Top Ten Pitfalls In Negotiating And Drafting Business Contracts – Part III (Noncompetition Clauses)

Welcome to the third of my ten-part series that can show you how simple-looking parts of a business deal can come back to haunt you.  Thank you for staying with it – or thank you for being a new visitor – and read about how to avoid getting into trouble, instead of how to get out of trouble.  Parts I and II, which discuss letters of intent and due diligence, can be found elsewhere in this blog.  I have published an abbreviated version of this whole series in the January 2014 issue of Nevada Business magazine. Here is the link, but with fair warning – it is so abbreviated that it only has seven pitfalls, and there is much more to be said than what you will see in that article! http://www.nevadabusiness.com/2014/01/seven-pitfalls-avoid-negotiating-business-contracts/

Noncompetition Clauses

There are multiple pitfalls here – some are easier to spot than others.

When you buy a business, you don’t want the seller to turn around and open a competing business across the street, or across the county. Or if you hire a key employee and show him the ropes, you don’t want him to take that knowledge to a competitor later on. But if you don’t have a properly-drafted noncompetition clause in your contract, don’t expect a court to protect you.

Or, if you have a noncompetition clause that covers, for example, a 50-mile radius, and the other party sets up shop 50 miles plus one block away, don’t expect a court to give you that extra block.

The bottom line here is that our free enterprise system encourages competition, so courts are not looking to restrict people from running a business or earning a living, just to protect someone else who failed to bargain for that restriction in the first place. And in some states, such as California, many of those restrictions are void even if you have them in your contract.

On the other hand, what if you are the one who is being restricted? Do you know what you are getting yourself into? If you can’t have a competitive business or employment wherever the other party does business, that might seem OK when you sign the contract. But suppose the restriction lasts for two years and during that time, the other party expands its business geographically or is bought by another company with a nationwide presence. In that case, you may be restricted far more than you had imagined.
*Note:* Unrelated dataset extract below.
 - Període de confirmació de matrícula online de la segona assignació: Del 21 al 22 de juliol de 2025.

And all of the above assumes that the noncompetition clause is valid in the first place. That is a big, and maybe dangerous, assumption.
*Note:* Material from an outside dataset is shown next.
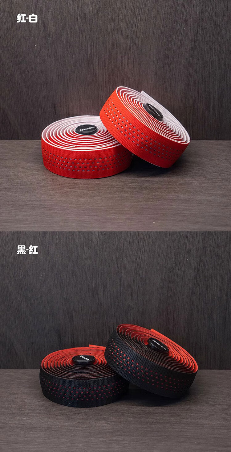 TKHE road handlebar with bicycle handlebar wrapping strap, non-slip, breathable, friction-resistant and corrosion-resistant strap, black-red dot

Before you get too aggressive about imposing restrictions, remember that courts generally evaluate noncompetition clauses for reasonableness and enforceability on a case-by-case basis. If a clause is deemed unreasonably broad, then even though your counter-party signed it, a court might invalidate it – entirely! So you could find yourself worse off if you were supposed to be the protected party, or better off if you were supposed to be the restricted party, than if you had negotiated a less restrictive clause in the first place.

There are ways to deal with these issues without falling into quicksand. Attorneys who are well-versed in this complex area can advise on what restrictions courts typically allow. And there are drafting methods to avoid having the restrictions struck down in their entirety even if they are too broad. If you are in a state that does not allow noncompetition restrictions (regardless of reasonableness), you need legal advice up front about that, so you can structure the other terms of your deal to make it worthwhile, knowing that you cannot restrict competition when the contract ends.

So given all of the surprises you could encounter when you try to negotiate or enforce a noncompetition clause (or try to avoid one), don’t be surprised if the noncompetition clause of your contract turns out to be the most time-consuming one to complete.